А.М. и сам помнил много; его преувеличенная теплота даже насторожила. «Ну что ж, – остановился он в какой-то момент, глубоко за полночь. – Ты же теперь big girl, married and so on[27]». «Ах, – с готовностью ответила она. – To be honest, I think I can be with you…»[28] – начала она и тут же запнулась. От недостатка практики она ляпнула, что, честно говоря, могла бы быть с ним, – вместо того чтобы проверить, может ли она быть искренней в разговоре. Но А.М. ничего не заметил, растекаясь восточной патокой: господи, милая, развод – это так грустно! Но всё будет perfect, perfect[29].
«Конечно, будет, – подумала она. – Если ты мне поможешь».
* * *
А.М. все-таки заполнил мир – впустить его теперь было легче легкого. Отправляясь на работу, можно было послушать песни, связанные с ним; прогуливаясь в центре, позволять А.М. смотреть ее глазами и представлять, что она ему скажет. «Это Невский проспект, главная улица города». «Это Дворцовая площадь, это Дворец, тут Эрмитаж…» Как прекрасно А.М. смотрелся бы в Эрмитаже! Как чудесно можно снять его в античном зале – его, полубога в свитере крупной вязки, смотрящего в окно, с руками, скрещенными на груди. Его сила, мощь, сияющая красота – на фоне античной гармонии аполлонов.
Работа, впрочем, тоже никуда не исчезла. Примерно треть суток по-прежнему занимали звонки, заказы, протекшие краны и невыплаченные премии. Но и между ними умудрялся втиснуться А.М. – ему очень понравилось бы ходить между полками и макетами, он не отказался бы от пирожных из кондитерской напротив, и кофе А.М. тоже пьет, и смущенно курит, натянув капюшон и аккуратно стряхивая пепел в урну.
Господи, а что было бы с почти-бывшим-мужем, если бы он увидел их здесь! Пришлось бы знакомить, им бы предстояло здороваться за руку, и почти-бывшему-мужу никак не отвертеться от рассматривания А.М. А.М. выше почти-бывшего-мужа и шире в плечах.

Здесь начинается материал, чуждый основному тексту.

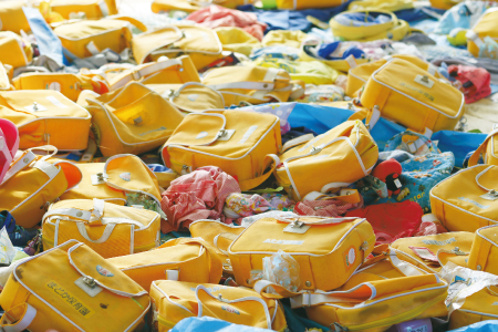 保育室には、たくさんの通園バッグが無造作に積まれていた。「持ち主に返そうと思った時もあったんですけど」と柗本さん。原発事故の直後に避難指示。その後は帰還困難区域に指定された双葉町では、放射能汚染を恐れ町内から“物”を持ち出すことができなかった。現在では「特定廃棄物」扱いだ。
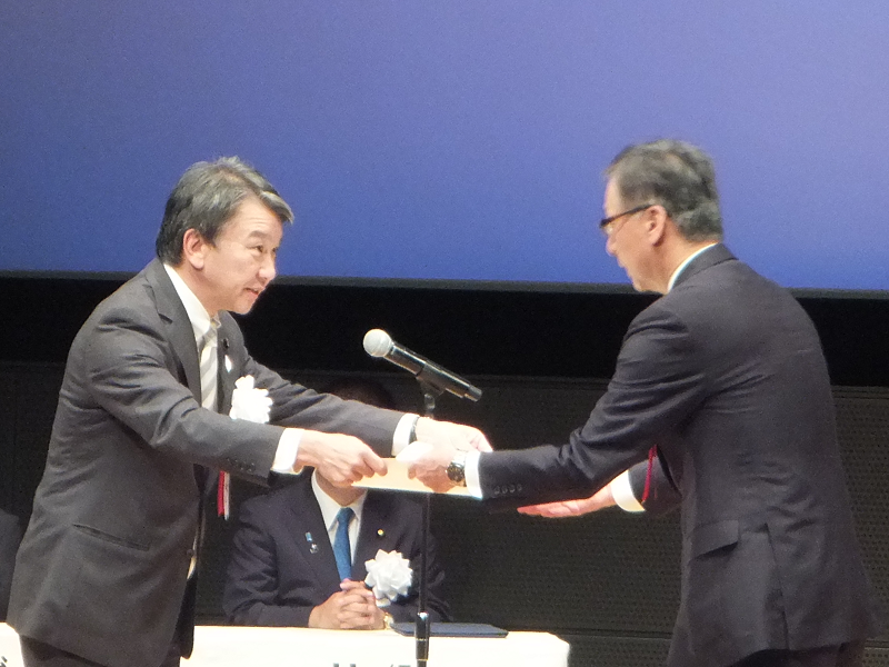 のオープニングセレモニーである記念式典において、国土交通分野における情報化の促進に貢献した次の3企業等に対して、大野泰正大臣政務官から表彰状が授与されました。
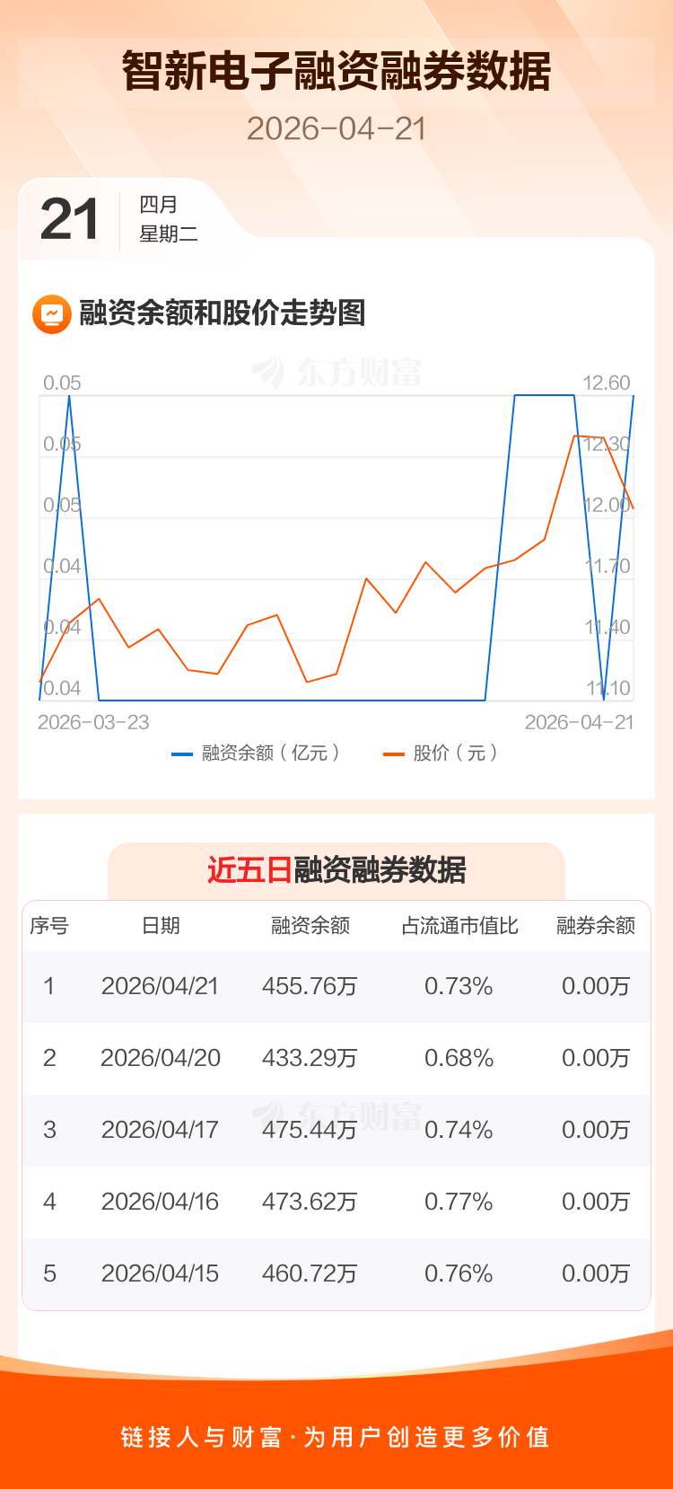 交易所最新数据显示,智新电子于2026年4月21日获融资买入45.03万元,融资偿还22.55万元,当日融资净买入22.47万元。目前,该股融资余额455.76万,占流通市值比例为0.73%。

Почти-бывший-муж не сможет не заметить красоту его аристократичных рук с изящными пальцами – в противоположность собственным красноватым короткопалым ладоням. У А.М. гладкое лицо и идеальная белоснежная улыбка – у почти-бывшего-мужа оно мятое, испещренное морщинами и клочковатой щетиной.
Нет-нет-нет, А.М. и в подметки не годится почти-бывшему-мужу. То есть наоборот. Конечно, наоборот. Более того, почти-бывший-муж сразу понял бы, с чем она привыкла иметь дело – с молодыми, ослепительно красивыми и отчаянно галантными (а в этих мечтах А.М. непременно приезжал бы с охапкой цветов и подхватывал ее на руки – по-другому ей не достать до его щек, чтобы наградить троекратным южным поцелуем). А его, почти-бывшего-мужа, объекты никогда не бывали прекрасны: сельская училка с пустыми глазами в жабрах, огромная треугольная голова и короткие руки; желтая проститутка с отвислой жопой и короткими ногами; зечка с ногами-штангенциркулем, скрещенными в коленях, с большим глупым ртом и птичьими глазами навыкате, в грязных дешевых тряпках, с гнилыми зубами. И все они – никто, грязь из-под ногтей.

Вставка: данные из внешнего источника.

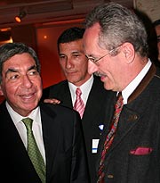 Das Fußballspiel Deutschland gegen Costa Rica brachte nicht nur dem ZDF Traum-Einschaltquoten, sondern führte den Menschen das Land Costa Rica näher. Zwei Tore schossen die Südländer gegen die Deutschen, auch wenn sie letztlich unterlagen, freuten sie sich fair und waren stolz auf die erbrachte Leistung. Die Costa Rica Arena im Forum am Deutschen Museum gab zwischenzeitlich mehr als zwei Wochen bis einschließlich 11.06.2006 speziell den Münchnern Gelegenheit, Land und Leute kennen zu lernen. Stolz besuchte am Abend vor dem Ende der Costa Rica Arena dieselbe auch Dr. Óscar Arias Sánchez, der am 8. März 2006 zum zweiten Mal wiedergewählte Staatspräsident von Costa Rica. Der Friedensnobelpreisträger, der 1987 für sein Engagement für die friedliche Beilegung von Konflikten in Mittelarmerika diese hohe Auszeichnung erhielt, steht für die Weiterführung der wirtschaftlichen Demokratie. In seiner Rede machte Dr. Sanchez deutlich, wie wichtig Fortschritt und Investition sei. Costa Rica ist heute erfolgreich nicht nur im Export für Bananen und Kaffe tätig, besonders der Ausbau des High-Tech-Sektor (z.B.Chipherstellung der Firma Intel) ist ihm ein großes Anliegen. Wichtig ist es ihm den Frieden und Wohlstand in seinem Land zu garantieren, um den Tourismus weiterhin zu fördern. Für Deutsche ist Costa Rica mittlerweile ein Geheimtipp zum Verreisen geworden. Kannte vor Jahren noch kaum einer die „Schweiz Mittelamerikas“, wird sie als Feriendomizil immer beliebter. Taucher finden herrliche Riffe und seltene Fischarten vor, Abenteuerurlauber zahlreiche Nationalsparks, Vulkane und Nebelwälder, Strandverwöhnte kilometerlange friedliche Einsamkeit. Der sympathische Dr. Hans-Dietrich Genscher, Bundesminister a.D., bestätigte das zunehmend in seiner kurz gehaltenen Rede. Als Ehrenstaatsbürger von Costa Rica hat er das Land lieben und schätzen gelernt. Die Bevölkerung ist südländisch offen und gastfreundschaftlich. Die Wertvorstellungen sind die den Europäern gleich und soziale Rechte haben oberste Priorität. Während der Folkloretänze der Gruppe „Mi Linda Costa Rica“, den Klängen der costaricanischen Gruppe „Editus“, die einen richtig guten Sound drauf hatten und einem hervorragenden Buffet mit Landesspezialitäten, gab sich der Präsident ungezwungen. Er schüttelte jedem die Hand, ließ sich umarmen und fotografieren volksnäher geht es kaum. Ein Sympathieträger, dem wir die Freude sein Land repräsentieren zu dürfen abnehmen. Mit dabei an diesem Abend auch Münchens Oberbürgermeister Christian Ude, Costa Ricas Außenwirtschaftsminister Marco Vinicio Ruiz, Tourismus Minister Carlos Benavides Jiménez und Silvia Ulloa, Marketing Director Costa Rica Tourist Board (ITC), Dr. Jana Maria Dressler, Frankfurter Honorarkonsulin der Republik Costa Rica, verschiedene ehemalige Minister Costa Ricas, die "Bananenbotschafter" vom Produzentenverband Costa Ricas, Jorge Sauma Aguilar, C.E.O. Corbana S.A. & Joaquin Gonzalez, Director Corbana S.A., Vertreter der Costa Ricanischen Fernsehanstalt Repretel, deren Canal 6 zu Beginn der Costa Rica Arena live samt Starkoch in der Arena anwesend war, sowie zahlreiche Gäste aus München und Costa Rica. ©10.06.2006 Daniela Boehme für ganz-muenchen.de - Fotogalerie (Imágenes) Costa Rica Arena - Besuch Dr. Óscar Arias Sánchez - 10.06.2006, Teil 1, Teil 2, |

А он, А.М., – принц. Принц для принцессы.
Задумываясь о счастье, она вдруг ловила себя на мысли, что редкие его проблески, моменты чистой радости никак не были связаны с бесконечными любовями. Секс – да, это хорошо, но после него следовала смертная тоска, скука и даже тошнота, если любовник был случайным и надолго задерживался в квартире. Свидания, поцелуйчики, улыбочки – да, но всё это было отравлено будущим расставанием, подозрениями, тоской неизбывного одиночества. Всё всегда было недостаточным, как будто она пыталась достать до самого дна и насытиться этой их любовью и обожанием если не навсегда, то хотя бы надолго – а ей недодавали, бесконечно недодавали, и в конце концов она уходила обиженная, злая и разочарованная в очередном увлечении.

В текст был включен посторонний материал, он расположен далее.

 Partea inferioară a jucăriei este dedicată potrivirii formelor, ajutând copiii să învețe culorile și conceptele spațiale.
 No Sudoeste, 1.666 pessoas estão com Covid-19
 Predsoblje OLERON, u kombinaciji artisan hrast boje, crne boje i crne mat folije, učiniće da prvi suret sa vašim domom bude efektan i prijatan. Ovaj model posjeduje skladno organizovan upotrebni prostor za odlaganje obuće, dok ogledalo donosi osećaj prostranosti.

Как с мужем. С почти-бывшим-мужем. В первые месяцы их ро-ма-на он влетал к ней с охапками сирени, кидался обнимать и расцеловывать – и это было бы похоже на счастье… Но он сразу излучал свою радиацию: обзывал официанта «идиотиком», ругал подачу блюд, зачем-то рассказывал о платьях короткорукой женщины, пока они прогуливались вдоль Фонтанки, плел какую-то чудовищную ерунду и заставлял ее подлаживаться к своему тону. И это уже было отравленным, уже тогда было вредным и обреченным на провал. Потом они сидели у него на крыше, он укрывал ее своей зимней курткой и однажды, долго собираясь с духом перед этим, вдруг выпалил свое предложение: жить вместе. Но оно тут же упало в пропасть разочарования: это не сейчас, это потом, это надо снять квартиру, это ой деньги-деньги-деньги… И потом, в одну летнюю ночь, когда они гуляли, а потом долго-долго качались на качелях для двоих, он предложил ей выйти замуж – и тут же, не дожидаясь ответа, начал травить, портить, мазать дерьмом: пышных свадеб не надо, в загс нужно идти, избегая очередей, деньги-деньги-деньги…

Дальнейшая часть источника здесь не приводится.